My hotel, though, is right on the beach. I can look out my window and see… well, I can see the parking lot of the hotel next door. I can hear the ocean, though, and I know that when I go out the front door of the hotel, it’s just a hundred yards or so to the shore. I’ve walked down there a couple of times in the evening, just to hear the ocean and the gulls and smell the air.

And this evening, after I was finished doing the training at the Social Services office, I decided to wander through downtown Santa Barbara. I’ve never been here. Well, actually, that’s not quite true; three years ago, I was at UC Santa Barbara for a UC conference on information technology. But back then I never got to go downtown. There are dozens of fascinating little stores in downtown Santa Barbara, with names like Masks of Venice, and Gentlemen Antquarians. There are big chain stores, of course, like Borders and Starbuck’s (huzzah!) and Banana Republic; but enough independent stores to redeem the overwhelming presence of the chain stores. I even bought an odd little gift for Jennifer in one of the small shops; it’s kind of a strange gift but I think she’ll like it.

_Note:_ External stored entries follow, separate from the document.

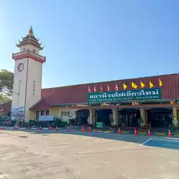 📍Chiang Mai Railway Station is located on Charoen Muang Road, right on the main road. It is noticeable. There is an old steam train and a clock tower as symbols.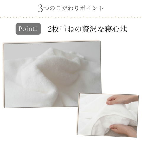 ふんわり柔らかなタオルをぜいたくに2枚重ねにし、ふっくらとしたボリューム感を実現しました。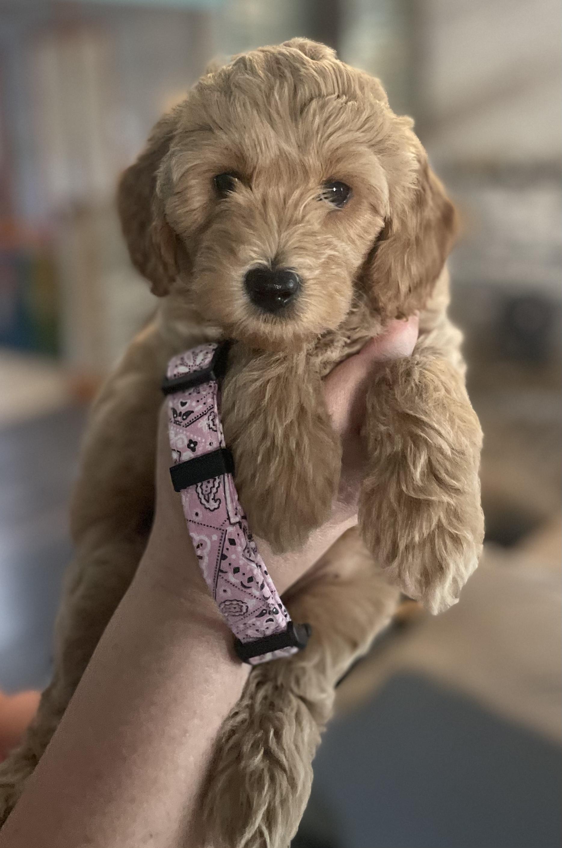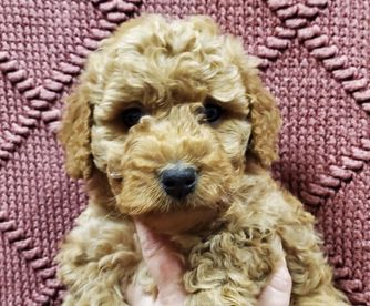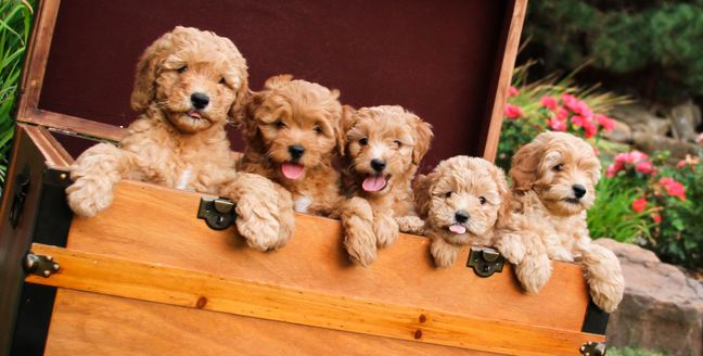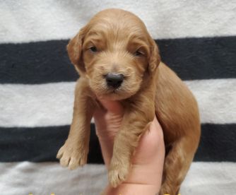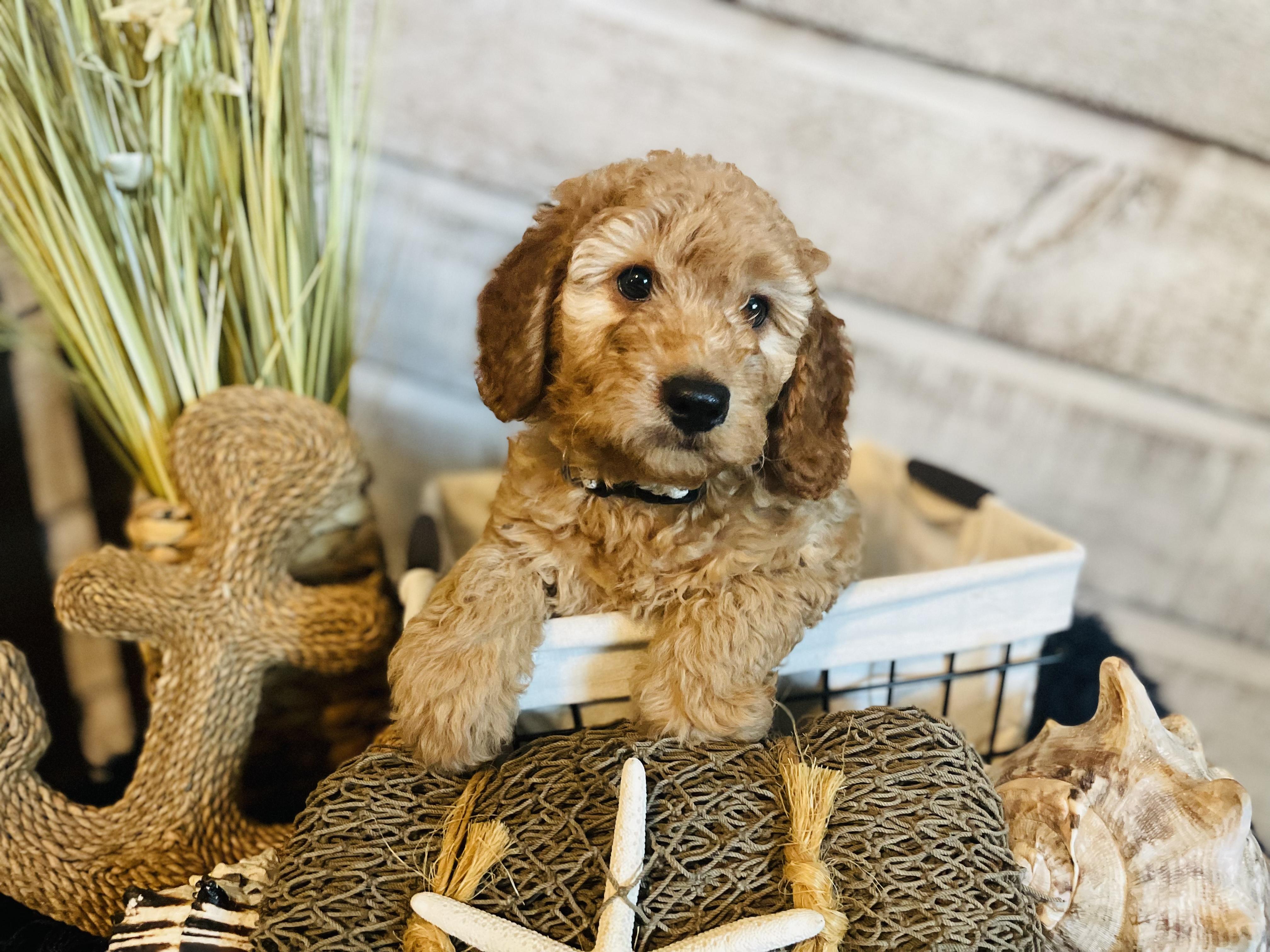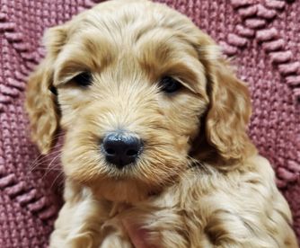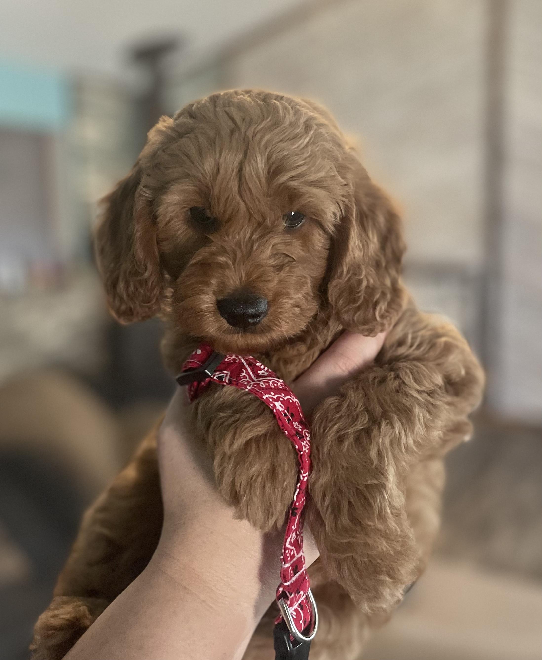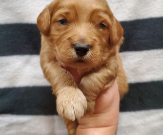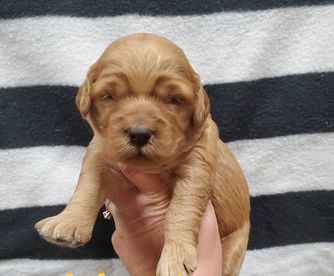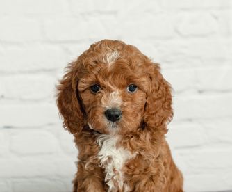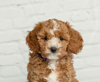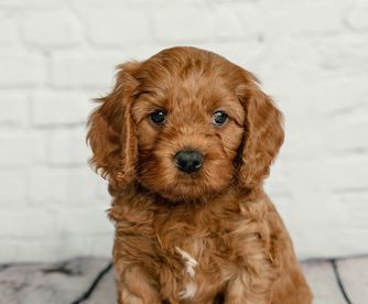 Our Cavapoo puppies include blenheim, apricot, and red. Goldendoodle puppies include cream, apricot, and red. Colors will vary depending on the parent dogs.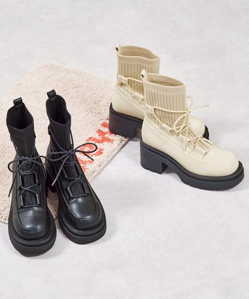 MIT雜誌款素面拚色皮革側拉鍊繫帶短靴.白鳥麗子
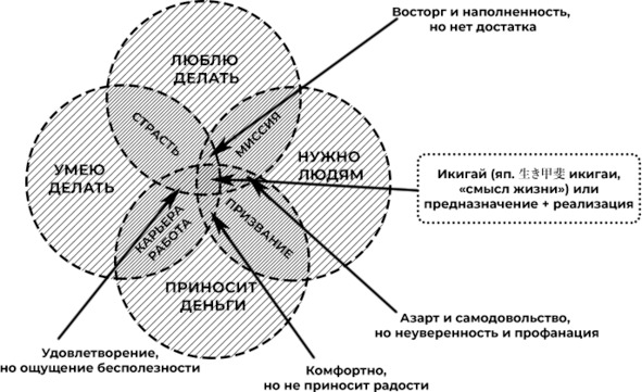 Конечно, понятие «икигай» гораздо многограннее и глубже, чем показано на схеме. Ему посвящены книги, ведь это своего рода целая философия отношения к жизни, себе, другим людям, событиям.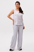 Прямые брюки с высокой посадкой идеально балансируют объем верха: они сидят безупречно благодаря комфортной резинке на поясе сзади и классической застежке спереди, а практичные карманы подчеркивают их повседневный характер.

And that is the plus side of business travel. Going to new places; exploring new downtowns to discover new treats. Assuming, of course, that you’re in a town with some sort of character to it.

And the training itself has gone great. The people here in Santa Barbara are so very nice, if a bit dizzy at times. I’ve gotten great evaluations, and the handlers that I’ve trained are all very friendly and receptive to what I have to train. I’ve really enjoyed working here. And I got a wee surprise yesterday when I discovered that the classes I was to teach on Friday were canceled, so I get to drive back up to meet Jennifer a day early; perhaps I’ll sit in on the classes she’ll be teaching then.

Or, perhaps, I’ll just sleep in.

That is part of the southern California lifestyle, isn’t it?